INSTRUCTIONS TO FOLLOW. Reproduce, exactly and in full, the lines from the one with "El sábado 8" through the one with "Light, fluffy &" in the data below; drop pictures.

RAW DATA.
*****
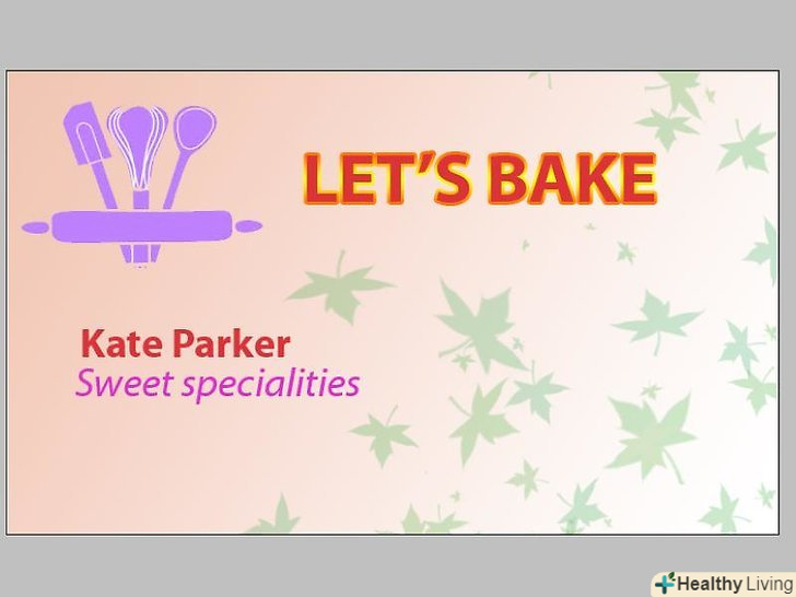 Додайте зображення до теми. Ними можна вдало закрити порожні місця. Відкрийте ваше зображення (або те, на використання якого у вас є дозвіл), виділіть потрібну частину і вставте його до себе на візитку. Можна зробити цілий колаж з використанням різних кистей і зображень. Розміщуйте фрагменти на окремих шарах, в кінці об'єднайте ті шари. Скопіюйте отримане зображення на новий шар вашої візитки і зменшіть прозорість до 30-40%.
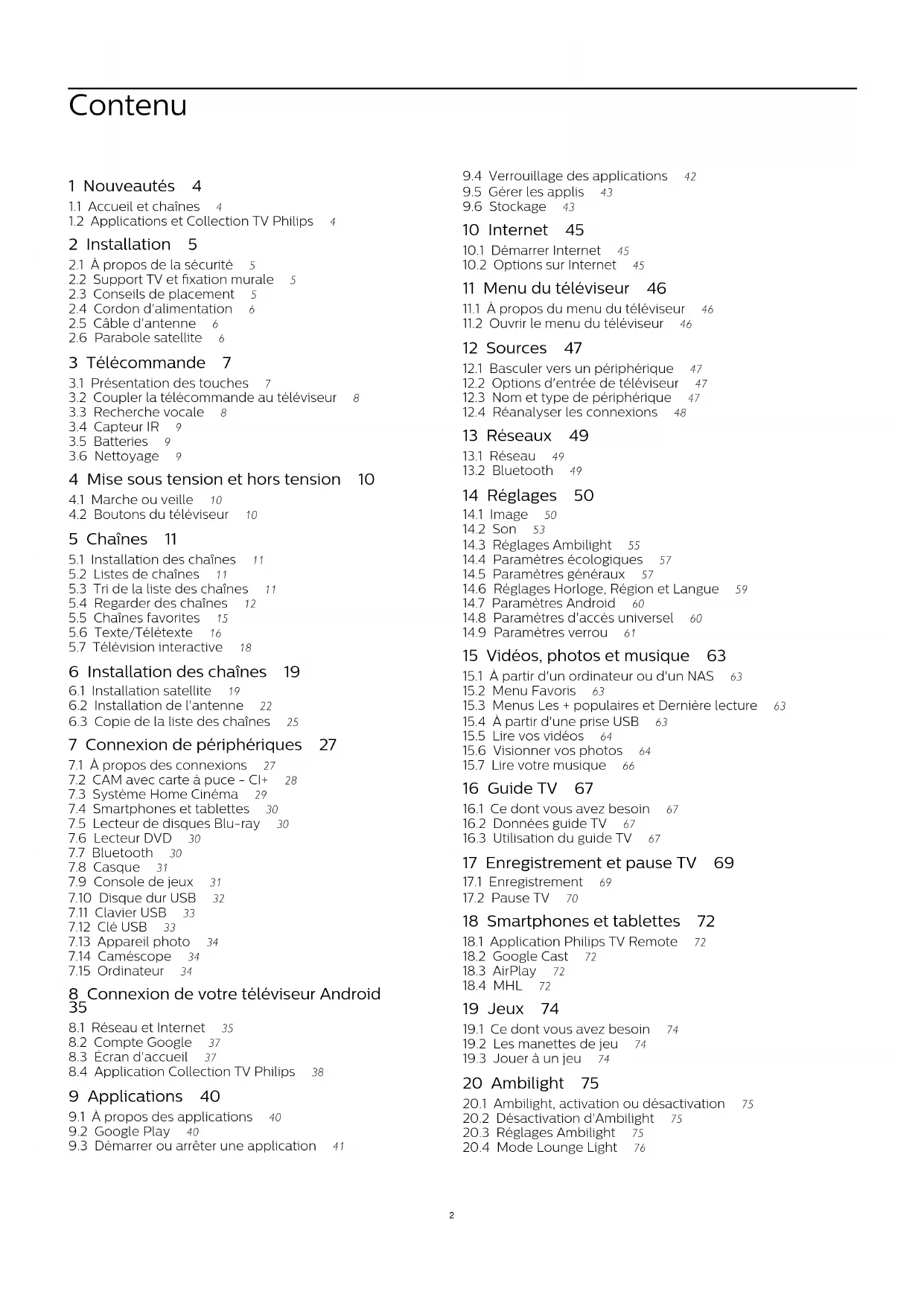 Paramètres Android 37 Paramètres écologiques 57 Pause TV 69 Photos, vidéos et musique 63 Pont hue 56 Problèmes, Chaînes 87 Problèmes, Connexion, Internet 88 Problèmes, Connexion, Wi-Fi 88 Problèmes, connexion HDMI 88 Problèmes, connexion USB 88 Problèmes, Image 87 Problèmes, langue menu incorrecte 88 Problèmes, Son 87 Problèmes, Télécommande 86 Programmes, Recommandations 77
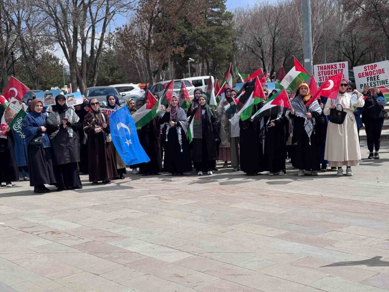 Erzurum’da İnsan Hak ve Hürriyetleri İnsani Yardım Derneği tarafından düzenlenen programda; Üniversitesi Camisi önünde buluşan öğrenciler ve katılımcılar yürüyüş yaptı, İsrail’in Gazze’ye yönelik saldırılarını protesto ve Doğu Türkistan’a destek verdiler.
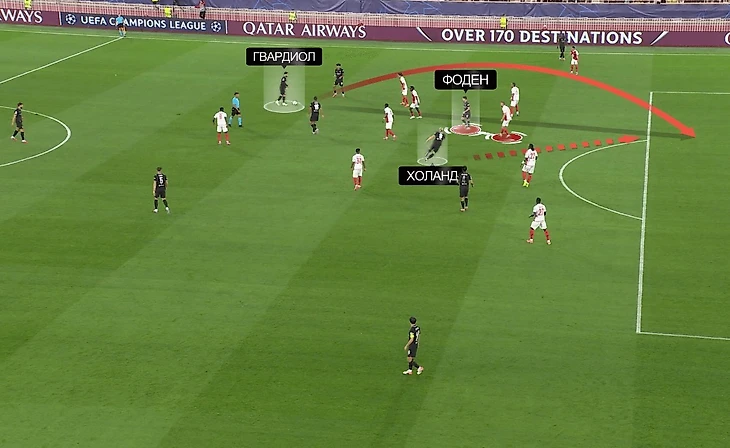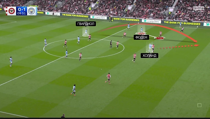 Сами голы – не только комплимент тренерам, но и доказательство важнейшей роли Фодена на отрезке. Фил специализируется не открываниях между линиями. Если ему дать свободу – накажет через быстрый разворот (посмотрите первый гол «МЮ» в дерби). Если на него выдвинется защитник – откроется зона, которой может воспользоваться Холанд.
*****
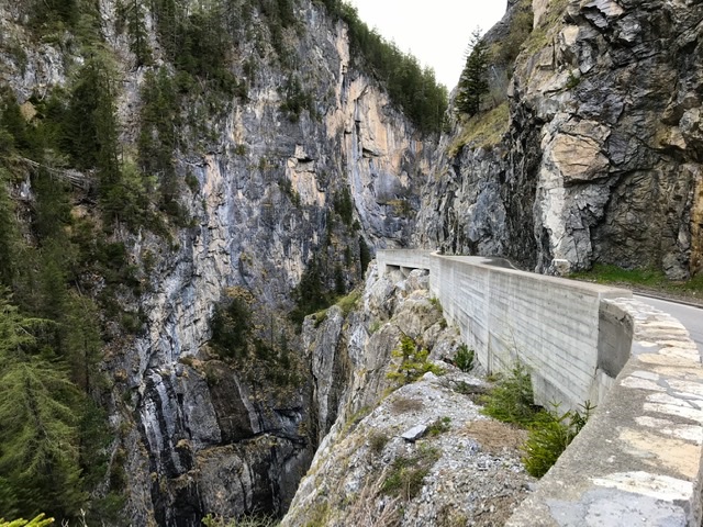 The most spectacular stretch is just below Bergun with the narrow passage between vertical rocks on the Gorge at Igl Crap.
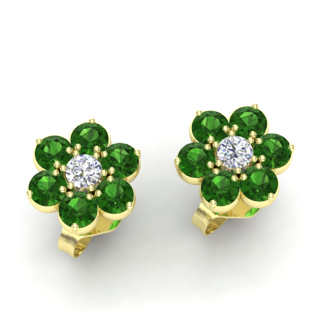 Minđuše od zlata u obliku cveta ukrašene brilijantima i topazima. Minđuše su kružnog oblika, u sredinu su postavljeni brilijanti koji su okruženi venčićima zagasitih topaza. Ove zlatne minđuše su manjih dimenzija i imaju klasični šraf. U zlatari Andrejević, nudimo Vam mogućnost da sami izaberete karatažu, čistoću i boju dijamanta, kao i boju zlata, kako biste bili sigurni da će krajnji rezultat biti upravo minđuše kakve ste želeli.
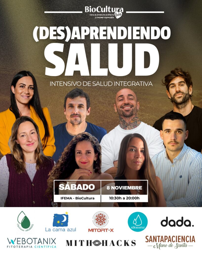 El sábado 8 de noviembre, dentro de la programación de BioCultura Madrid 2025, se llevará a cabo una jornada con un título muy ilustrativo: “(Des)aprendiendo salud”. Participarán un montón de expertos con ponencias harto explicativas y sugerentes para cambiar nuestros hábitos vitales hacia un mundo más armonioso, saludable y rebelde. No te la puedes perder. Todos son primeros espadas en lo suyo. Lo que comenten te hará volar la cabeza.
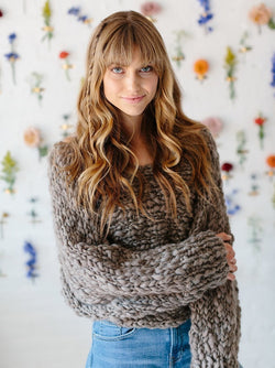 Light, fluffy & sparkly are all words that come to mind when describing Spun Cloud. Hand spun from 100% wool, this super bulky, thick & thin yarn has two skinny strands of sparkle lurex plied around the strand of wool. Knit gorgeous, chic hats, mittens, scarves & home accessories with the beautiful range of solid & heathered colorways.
*****
TASK RESULT.
 El sábado 8 de noviembre, dentro de la programación de BioCultura Madrid 2025, se llevará a cabo una jornada con un título muy ilustrativo: “(Des)aprendiendo salud”. Participarán un montón de expertos con ponencias harto explicativas y sugerentes para cambiar nuestros hábitos vitales hacia un mundo más armonioso, saludable y rebelde. No te la puedes perder. Todos son primeros espadas en lo suyo. Lo que comenten te hará volar la cabeza.
 Light, fluffy & sparkly are all words that come to mind when describing Spun Cloud. Hand spun from 100% wool, this super bulky, thick & thin yarn has two skinny strands of sparkle lurex plied around the strand of wool. Knit gorgeous, chic hats, mittens, scarves & home accessories with the beautiful range of solid & heathered colorways.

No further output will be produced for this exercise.